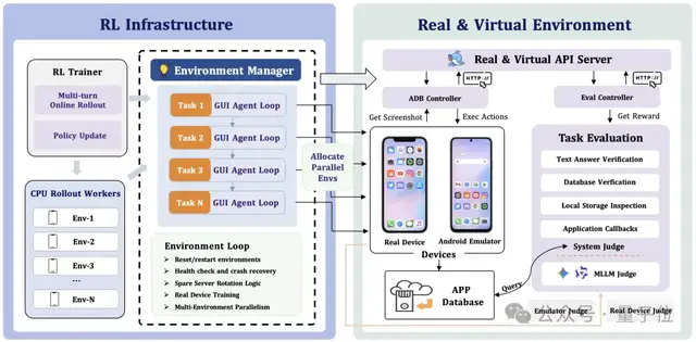 环境层面上,所有设备的后端(Docker虚拟机与物理手机)被抽象为统一接口。每个环境遵循“重置→执行→评估→回收”的标准生命周期,并通过Spare Server轮转确保长时间训练的稳定性。
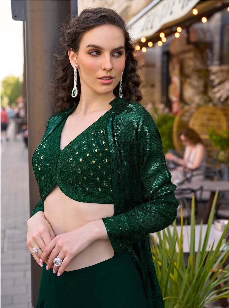 | Product Name | Dark Green Georgette Shrug Suit Full Stitched Free Size | |
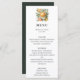Rustic chic oranges, greenery and white floral blossoms arrangement, menu card. Template provides space for names, date and three menu title headings with descriptions. Backing color shown in coordinating dark hunter green, can be customized.
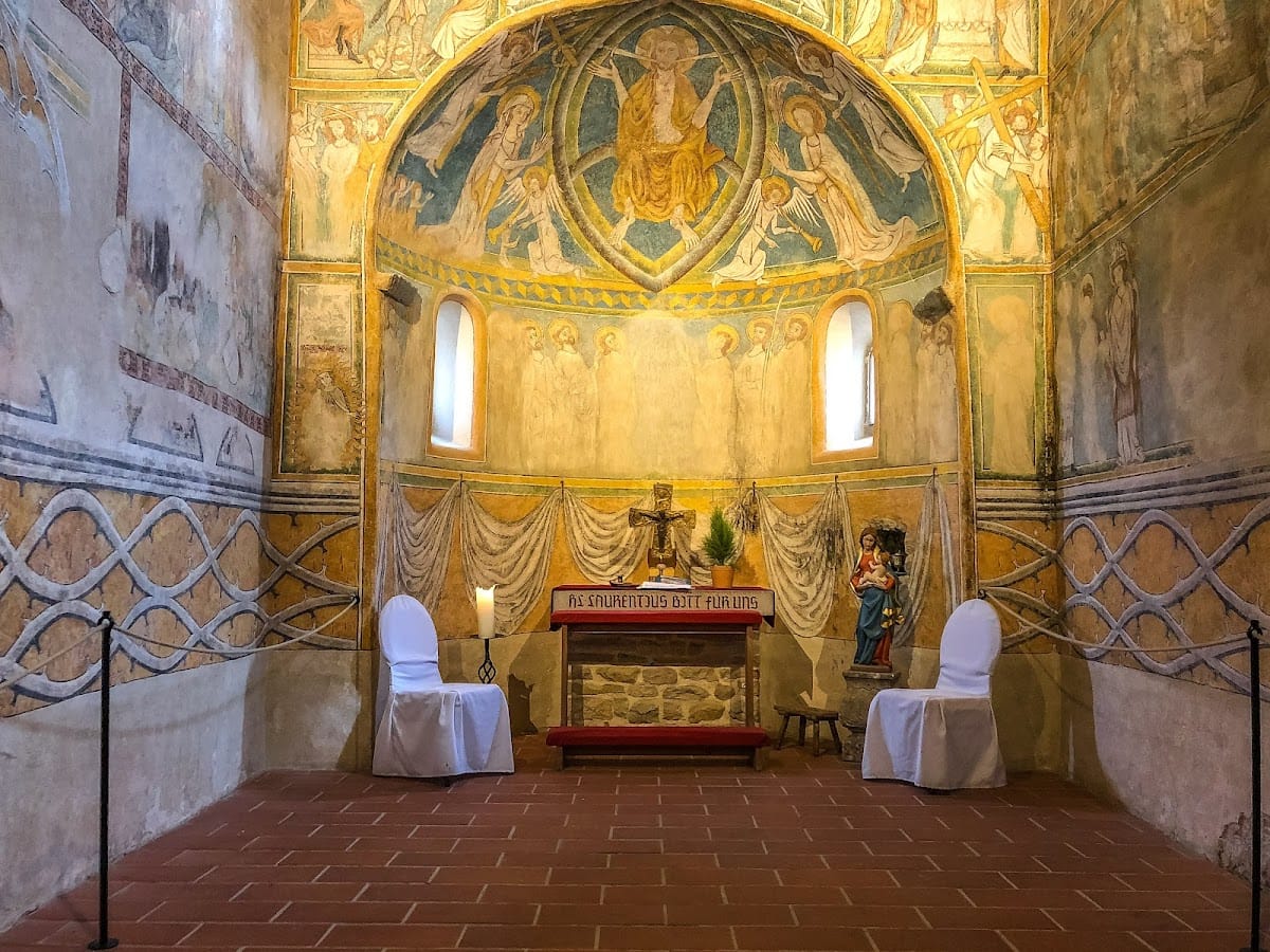 The castle chapel, dedicated to Saint Laurentius, dates to around the year 1000. It contains rare frescoes from the transitional period between late Romanesque and early Gothic art, created circa 1250 to 1280. Later Baroque paintings partially cover these medieval frescoes.
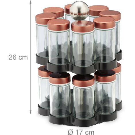 Relaxdays Gewürzkarussell - Drehbares Gewürzregal Mit 8 Dosen | Küchenorganizer Schwarz/Transparent
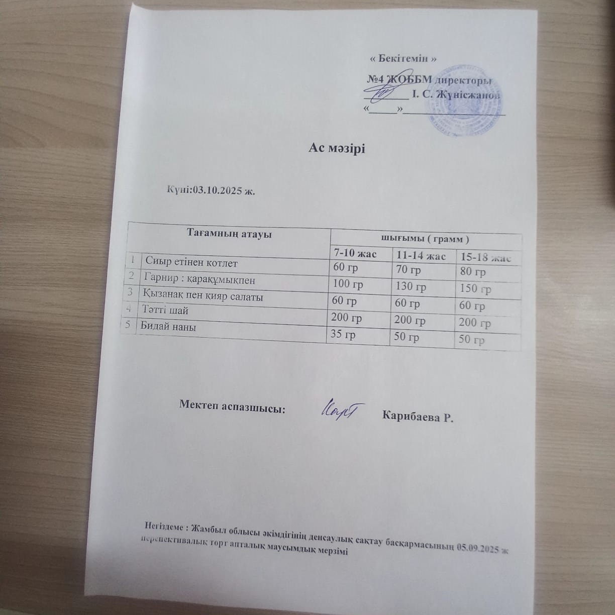 03 октябрь 2025 0 1 2 3 4 5 Ыстық тамақ Бастауыш 1-4 сынып оқушылары мен жекелеген санаттағы оқушылар тегін және жеңілдетілген тамақпен қамтылып отыр. Жұма 3 қазан күнгі ас мәзірі : сиыр етінен котлет, гарнир: қарақұмықпен, қызанақ пен қияр салаты, бидай наны, тәтті шәй.
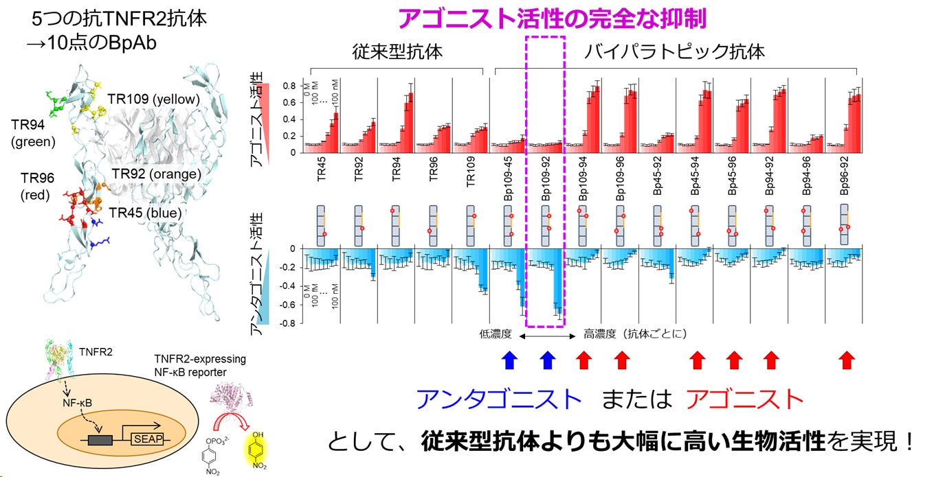 異なる抗体は、それぞれ固有のエピトープに結合し、異なる機能を示します。CDDRでは、標的抗原分子表面全体に提示されている多様なエピトープに結合し機能する抗体群を網羅的に取得する「エピトープ均質化抗体パネル」法を開発しています(特許7054209)。この中で、TNFR2の複数のエピトープ領域に結合する抗体群を同定していました。本研究では、その中で異なるエピトープグループに属する5点の抗体を選び、以前に私たちの開発し報告した二重特異性抗体作製法(Akiba et al, Sci. Rep. 2021, 11, 19411)を利用して、10点のBpAbを取得しました。5点の天然型抗体と10点のBpAbのアゴニスト活性並びにアンタゴニスト活性をNF-κBレポーター細胞によって調べたところ、天然型抗体はいずれも弱いアゴニスト活性を示し、うち1点(TR109)が同時にアンタゴニスト活性も示しました。一方で、BpAbは10点のうち6点もが、天然型抗体よりも強いアゴニスト活性を示し、2点が強いアンタゴニスト活性を示しました。特筆すべきことに、Bp109-92は、全くアゴニスト活性を示さず、私たちの目標であった、天然の抗体では避けることが難しい、アゴニスト機能の不活性化に成功しました(図4)。
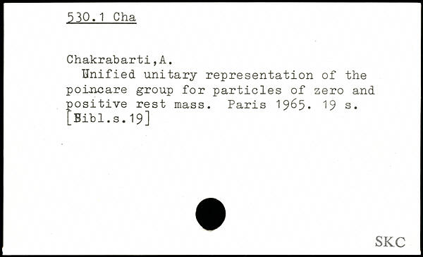 Unified unitary representation of the poijocare group for particles of zero and positive rest mass.
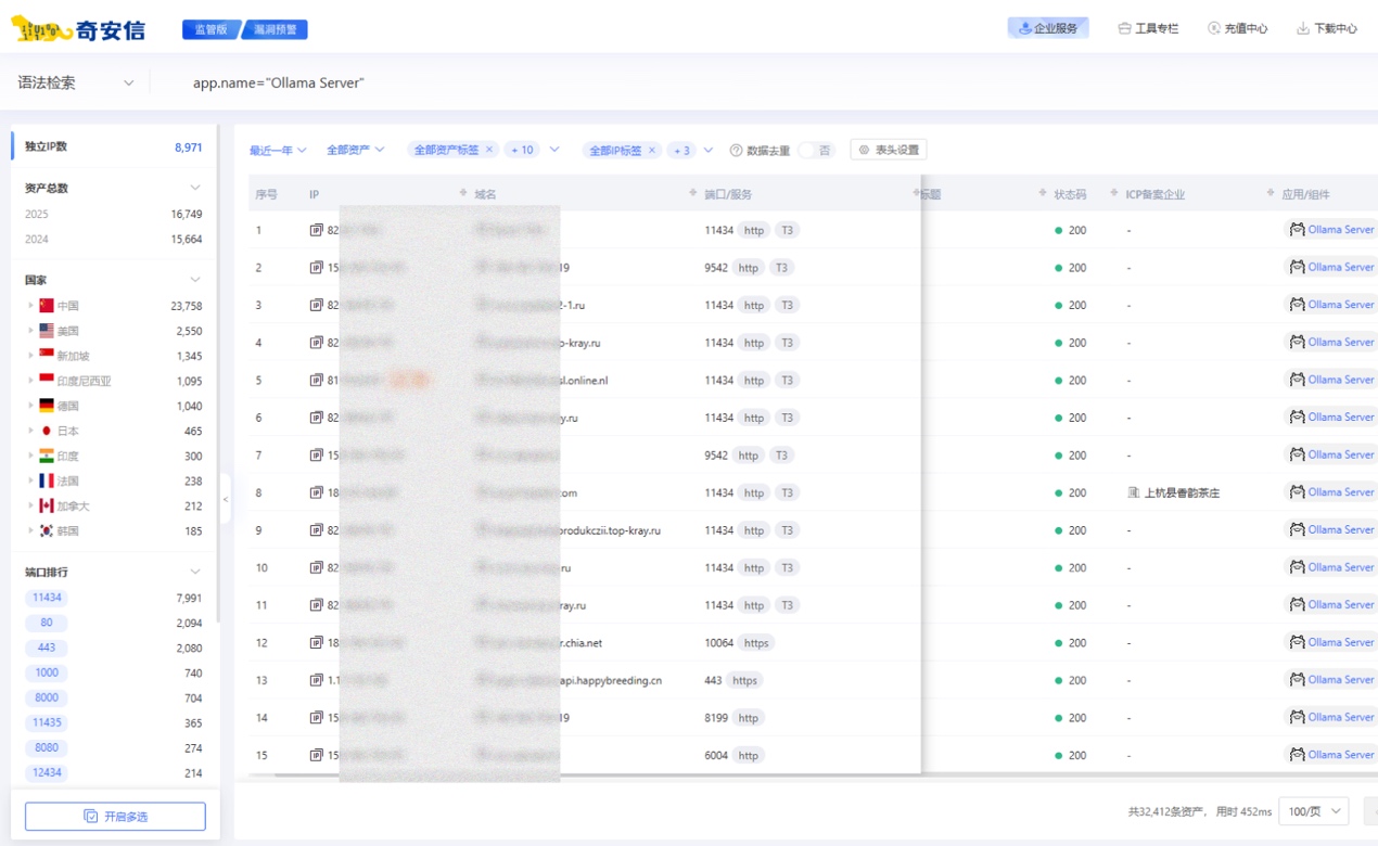 (大公文匯網記者 馬曉芳 北京報道)記者14日從奇安信獲悉,隨着DeepSeek大模型的迅速流行,越來越多的公司和個人選擇將該開源大模型私有化部署。奇安信資產測繪鷹圖平台監測發現,8971個Ollama大模型服務器中,有6449個活躍服務器,其中88.9%都「裸奔」在互聯網上,導致任何人不需要任何認證即可隨意調用、在未經授權的情況下訪問這些服務,有可能導致數據洩露和服務中斷,甚至可以發送指令刪除所部署的DeepSeek、Qwen等大模型文件。
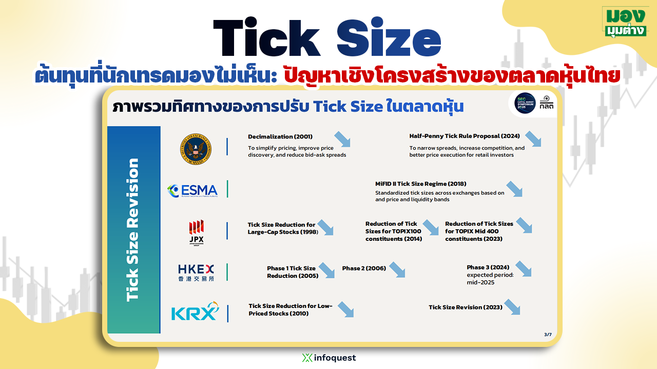 โดยเนื้อหาทั้ง 7 สไลด์ พยายามชี้ให้เห็นความเชื่อมโยงเชิงโครงสร้างระหว่าง Tick size, bid-ask spread, สภาพคล่อง และต้นทุนการซื้อขายของตลาดหุ้นไทย
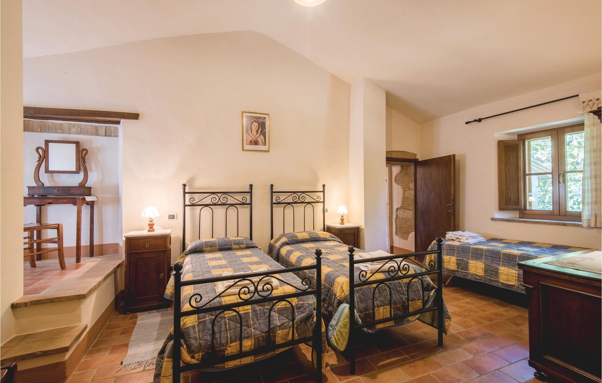 Karakteristiske lejligheder med komfortabel indretning i et typisk toskansk hus, som er blevet fuldstændigt renoveret og inddelt i skønne ferieboliger. Huset er roligt beliggende i de grønne bakker i det sydlige Toskana, 7 km fra Cetona. Med fire samlede lejligheder, tre med direkte forbindelse, er der god plads i huset. I renoveringen er der lagt særlig vægt på at bevare den originale struktur. Skøn vid udsigt over dalen og det omkringliggende landskab. Lejlighederne er fælles om et stort grønt område, pool og legeområde til børn. Indenfor er der en rummelig stue, hvor ejeren mod forespørgsel serverer en lækker aftensmad mod betaling på stedet, med vægt på hjemmelavede og regionale ingredienser. Oliesmagming og guidede ture til oliemøllen er gratis. Tilkørsel langs en 800 m lang, ikke-asfalteret vej, der ikke er egnet til lave og/eller sportslige biler. Barneseng mod forespørgsel. Udflugtsmål: 7 km til Cetona (tennis) og Sarteano (butikker), 9 km til kurbadene i San Casciano Bagni, 15 km til Chianciano Terme og Chiusi, 24 km til Montepulciano, 30 km til Lago Trasimeno.
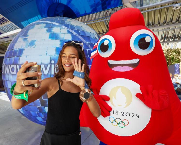 Após sua performance vencedora nos Jogos Olímpicos de Paris 2024, a atleta do Team Samsung Galaxy, Rayssa Leal (skate street do Brasil) surpreendeu os fãs ao comparecer no Olympic™ rendezvous @ Samsung | Square Marigny. Fãs se reuniram enquanto a atleta explorava o espaço, posava para fotos e deixava sua marca com um skate e um capacete autografados, agora em exposição no espaço durante Paris 2024.
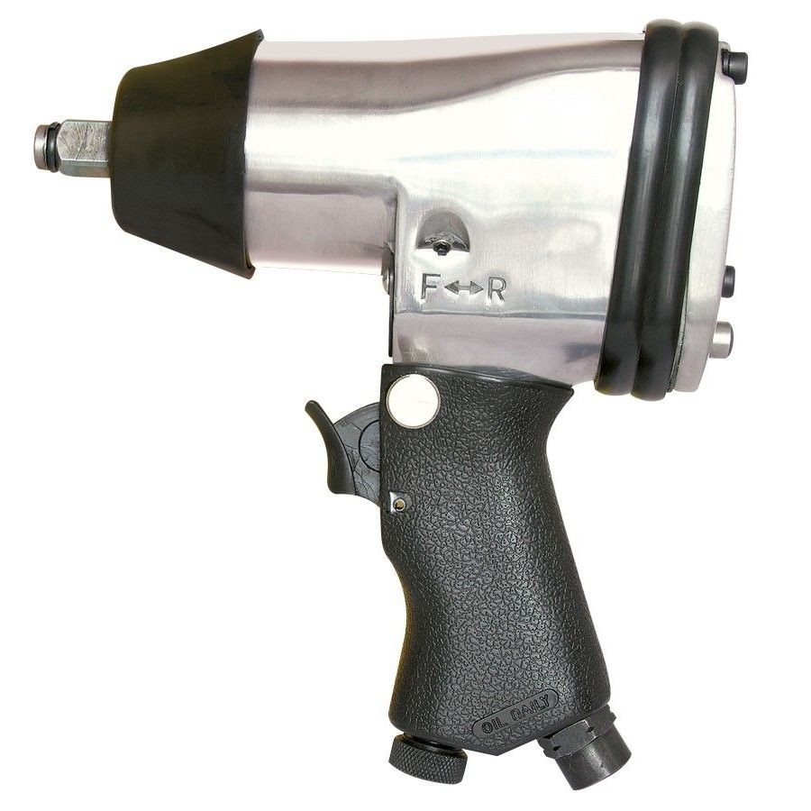 TOPEX Pneumatic Impact Wrench 1/2'' 314NM designed for DIY enthusiasts usage in garages. Twin motor delivers 550NM of torque. Trigger at the back for speed regulation. Soft grip for more comfortable usage. Short design allows getting into confined spaces. The tool features adjustable left/right rotation and non-freezing handle.
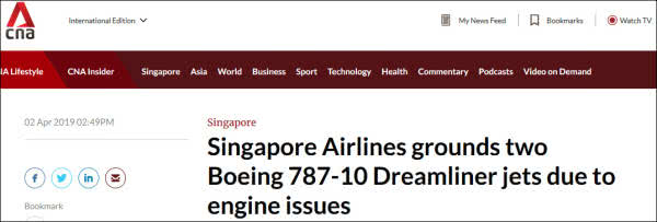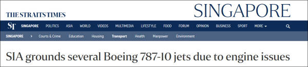 “由于发动机问题,新加坡航空公司停飞数架波音787客机”,截图来自新加坡海峡时报

• Exercise aim: Without the pictures, repeat every line of the material above exactly.

• Answer to the exercise:
 环境层面上,所有设备的后端(Docker虚拟机与物理手机)被抽象为统一接口。每个环境遵循“重置→执行→评估→回收”的标准生命周期,并通过Spare Server轮转确保长时间训练的稳定性。
 | Product Name | Dark Green Georgette Shrug Suit Full Stitched Free Size | |
Rustic chic oranges, greenery and white floral blossoms arrangement, menu card. Template provides space for names, date and three menu title headings with descriptions. Backing color shown in coordinating dark hunter green, can be customized.
 The castle chapel, dedicated to Saint Laurentius, dates to around the year 1000. It contains rare frescoes from the transitional period between late Romanesque and early Gothic art, created circa 1250 to 1280. Later Baroque paintings partially cover these medieval frescoes.
 Relaxdays Gewürzkarussell - Drehbares Gewürzregal Mit 8 Dosen | Küchenorganizer Schwarz/Transparent
 03 октябрь 2025 0 1 2 3 4 5 Ыстық тамақ Бастауыш 1-4 сынып оқушылары мен жекелеген санаттағы оқушылар тегін және жеңілдетілген тамақпен қамтылып отыр. Жұма 3 қазан күнгі ас мәзірі : сиыр етінен котлет, гарнир: қарақұмықпен, қызанақ пен қияр салаты, бидай наны, тәтті шәй.
 異なる抗体は、それぞれ固有のエピトープに結合し、異なる機能を示します。CDDRでは、標的抗原分子表面全体に提示されている多様なエピトープに結合し機能する抗体群を網羅的に取得する「エピトープ均質化抗体パネル」法を開発しています(特許7054209)。この中で、TNFR2の複数のエピトープ領域に結合する抗体群を同定していました。本研究では、その中で異なるエピトープグループに属する5点の抗体を選び、以前に私たちの開発し報告した二重特異性抗体作製法(Akiba et al, Sci. Rep. 2021, 11, 19411)を利用して、10点のBpAbを取得しました。5点の天然型抗体と10点のBpAbのアゴニスト活性並びにアンタゴニスト活性をNF-κBレポーター細胞によって調べたところ、天然型抗体はいずれも弱いアゴニスト活性を示し、うち1点(TR109)が同時にアンタゴニスト活性も示しました。一方で、BpAbは10点のうち6点もが、天然型抗体よりも強いアゴニスト活性を示し、2点が強いアンタゴニスト活性を示しました。特筆すべきことに、Bp109-92は、全くアゴニスト活性を示さず、私たちの目標であった、天然の抗体では避けることが難しい、アゴニスト機能の不活性化に成功しました(図4)。
 Unified unitary representation of the poijocare group for particles of zero and positive rest mass.
 (大公文匯網記者 馬曉芳 北京報道)記者14日從奇安信獲悉,隨着DeepSeek大模型的迅速流行,越來越多的公司和個人選擇將該開源大模型私有化部署。奇安信資產測繪鷹圖平台監測發現,8971個Ollama大模型服務器中,有6449個活躍服務器,其中88.9%都「裸奔」在互聯網上,導致任何人不需要任何認證即可隨意調用、在未經授權的情況下訪問這些服務,有可能導致數據洩露和服務中斷,甚至可以發送指令刪除所部署的DeepSeek、Qwen等大模型文件。
 โดยเนื้อหาทั้ง 7 สไลด์ พยายามชี้ให้เห็นความเชื่อมโยงเชิงโครงสร้างระหว่าง Tick size, bid-ask spread, สภาพคล่อง และต้นทุนการซื้อขายของตลาดหุ้นไทย
 Karakteristiske lejligheder med komfortabel indretning i et typisk toskansk hus, som er blevet fuldstændigt renoveret og inddelt i skønne ferieboliger. Huset er roligt beliggende i de grønne bakker i det sydlige Toskana, 7 km fra Cetona. Med fire samlede lejligheder, tre med direkte forbindelse, er der god plads i huset. I renoveringen er der lagt særlig vægt på at bevare den originale struktur. Skøn vid udsigt over dalen og det omkringliggende landskab. Lejlighederne er fælles om et stort grønt område, pool og legeområde til børn. Indenfor er der en rummelig stue, hvor ejeren mod forespørgsel serverer en lækker aftensmad mod betaling på stedet, med vægt på hjemmelavede og regionale ingredienser. Oliesmagming og guidede ture til oliemøllen er gratis. Tilkørsel langs en 800 m lang, ikke-asfalteret vej, der ikke er egnet til lave og/eller sportslige biler. Barneseng mod forespørgsel. Udflugtsmål: 7 km til Cetona (tennis) og Sarteano (butikker), 9 km til kurbadene i San Casciano Bagni, 15 km til Chianciano Terme og Chiusi, 24 km til Montepulciano, 30 km til Lago Trasimeno.
 Após sua performance vencedora nos Jogos Olímpicos de Paris 2024, a atleta do Team Samsung Galaxy, Rayssa Leal (skate street do Brasil) surpreendeu os fãs ao comparecer no Olympic™ rendezvous @ Samsung | Square Marigny. Fãs se reuniram enquanto a atleta explorava o espaço, posava para fotos e deixava sua marca com um skate e um capacete autografados, agora em exposição no espaço durante Paris 2024.
 TOPEX Pneumatic Impact Wrench 1/2'' 314NM designed for DIY enthusiasts usage in garages. Twin motor delivers 550NM of torque. Trigger at the back for speed regulation. Soft grip for more comfortable usage. Short design allows getting into confined spaces. The tool features adjustable left/right rotation and non-freezing handle.
 “由于发动机问题,新加坡航空公司停飞数架波音787客机”,截图来自新加坡海峡时报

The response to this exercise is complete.